▶ _Task_: Search the data for "germinates". Return each matching line.

(Data items)
────

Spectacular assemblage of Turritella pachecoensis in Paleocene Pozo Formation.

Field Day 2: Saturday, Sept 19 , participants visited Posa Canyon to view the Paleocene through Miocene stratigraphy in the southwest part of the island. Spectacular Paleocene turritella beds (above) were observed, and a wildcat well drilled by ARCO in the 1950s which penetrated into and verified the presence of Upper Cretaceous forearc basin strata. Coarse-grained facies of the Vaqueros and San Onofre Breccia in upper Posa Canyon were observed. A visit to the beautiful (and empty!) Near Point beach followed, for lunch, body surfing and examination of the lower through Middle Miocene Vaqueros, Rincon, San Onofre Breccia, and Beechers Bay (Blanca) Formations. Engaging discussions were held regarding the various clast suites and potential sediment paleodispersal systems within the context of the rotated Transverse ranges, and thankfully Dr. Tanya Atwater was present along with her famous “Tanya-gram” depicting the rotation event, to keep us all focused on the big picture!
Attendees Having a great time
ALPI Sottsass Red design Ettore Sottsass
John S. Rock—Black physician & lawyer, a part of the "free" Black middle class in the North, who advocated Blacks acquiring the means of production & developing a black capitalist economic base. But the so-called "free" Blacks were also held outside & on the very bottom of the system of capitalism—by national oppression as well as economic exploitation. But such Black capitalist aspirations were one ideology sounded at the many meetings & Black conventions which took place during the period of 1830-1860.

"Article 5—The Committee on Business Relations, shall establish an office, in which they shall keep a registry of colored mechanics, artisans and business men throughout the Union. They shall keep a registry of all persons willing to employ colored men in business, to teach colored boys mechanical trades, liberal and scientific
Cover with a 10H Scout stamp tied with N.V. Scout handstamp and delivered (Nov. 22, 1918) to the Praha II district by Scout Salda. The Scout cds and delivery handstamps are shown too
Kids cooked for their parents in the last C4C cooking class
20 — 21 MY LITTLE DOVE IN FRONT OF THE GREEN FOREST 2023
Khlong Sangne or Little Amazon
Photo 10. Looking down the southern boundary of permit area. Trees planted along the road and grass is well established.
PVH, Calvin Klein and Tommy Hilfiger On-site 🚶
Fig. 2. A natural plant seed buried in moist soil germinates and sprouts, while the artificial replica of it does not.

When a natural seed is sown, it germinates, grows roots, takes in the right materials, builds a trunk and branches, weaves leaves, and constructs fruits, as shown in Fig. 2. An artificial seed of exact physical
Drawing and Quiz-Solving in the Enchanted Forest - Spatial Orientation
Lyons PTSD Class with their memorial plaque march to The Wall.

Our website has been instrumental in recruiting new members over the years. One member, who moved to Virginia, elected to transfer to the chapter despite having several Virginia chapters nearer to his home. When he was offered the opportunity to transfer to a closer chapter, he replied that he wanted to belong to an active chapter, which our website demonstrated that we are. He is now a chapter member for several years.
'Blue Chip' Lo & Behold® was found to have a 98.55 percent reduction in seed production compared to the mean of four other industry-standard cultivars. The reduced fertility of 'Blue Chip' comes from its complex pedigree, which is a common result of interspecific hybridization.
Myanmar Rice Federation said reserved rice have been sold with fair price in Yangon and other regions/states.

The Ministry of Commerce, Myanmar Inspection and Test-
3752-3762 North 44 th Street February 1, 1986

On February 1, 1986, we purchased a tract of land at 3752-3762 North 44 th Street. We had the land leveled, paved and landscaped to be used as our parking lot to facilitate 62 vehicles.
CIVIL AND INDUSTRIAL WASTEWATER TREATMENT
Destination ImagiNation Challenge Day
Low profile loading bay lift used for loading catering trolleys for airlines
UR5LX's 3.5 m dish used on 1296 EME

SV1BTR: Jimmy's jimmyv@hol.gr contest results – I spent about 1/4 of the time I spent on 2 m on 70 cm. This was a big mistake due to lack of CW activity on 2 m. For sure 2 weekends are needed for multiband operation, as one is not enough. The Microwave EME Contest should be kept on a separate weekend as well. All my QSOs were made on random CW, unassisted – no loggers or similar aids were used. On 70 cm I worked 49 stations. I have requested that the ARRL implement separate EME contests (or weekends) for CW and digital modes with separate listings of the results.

────

▶ _Answer_:
Fig. 2. A natural plant seed buried in moist soil germinates and sprouts, while the artificial replica of it does not.
When a natural seed is sown, it germinates, grows roots, takes in the right materials, builds a trunk and branches, weaves leaves, and constructs fruits, as shown in Fig. 2. An artificial seed of exact physical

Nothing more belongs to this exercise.